The rare "immediate jeopardy" ruling was used again three weeks later at Cedars-Sinai Medical Center. There inspectors found a "widespread pattern of potential ineffective sterilization and storage of surgical instruments" as well as problems with the disinfection of scopes.

Both hospitals quickly fixed the problems, according to the Department of Public Health. The "immediate jeopardy" was lifted after just three hours at UCLA and a day at Cedars. On follow-up visits, the state found the problems had not continued. This doesn't mean that people may not contact a Los Angeles medical malpractice lawyer for assistance.

UCLA and Cedars officials said Friday they were not aware of any patients who were sickened by the sterilization problems the state regulators found during the March 2015 inspections.

Yet patient advocates said that the reports showed how infection control practices can lag even at top hospitals that had recently responded to bacteria outbreaks.

"You would think these very sophisticated leading facilities would have been on a hospital-wide alert," said Lisa McGiffert, who leads the safe patient project at Consumers Union, told the Times. "Hospital leadership is not putting enough resources into infection control."

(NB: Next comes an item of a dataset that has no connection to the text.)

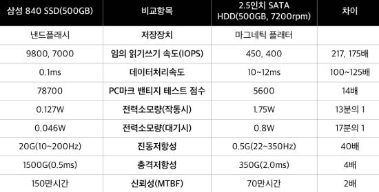 SSD는 HDD보다 파일에 상관없이 이 과정을 더 빠르게 처리하며 노트북 부팅 속도도 더 빨라진다. 기본적으로 노트북의 특성상 SSD가 더 적합한 스토리지이기도 하다. SSD는 기존 회전식 HDD와 달리 움직이는 부품이 없다. 노트북을 떨어뜨리거나 큰 충격을 주는 것은 피해야겠지만, HDD는 이런 위험에 특히 취약하다. 반면 SSD는 이 점에서 내구성이 더 뛰어나다.

At the time of the superbug outbreaks, which both began in late 2014 and extended into early 2015, officials at the hospitals said they had stepped up cleaning of duodenoscopes — the device made by Olympus linked to the infections.

Contamination of the scopes, lightweight tubes threaded through the mouth into the top of the small intestine, has been linked to bacterial outbreaks that sickened dozens of patients in hospitals around the country. In an outbreak at UCLA Ronald Reagan Medical Center, officials confirmed that patients had died. Contact a Los Angeles wrongful death lawyer if you feel you have lost a loved one due to the fault of another.

Olympus recalled one of its duodeonscope models in January. An outside expert had told the company in 2012 that the design of the device could allow bacteria to remain trapped after cleaning.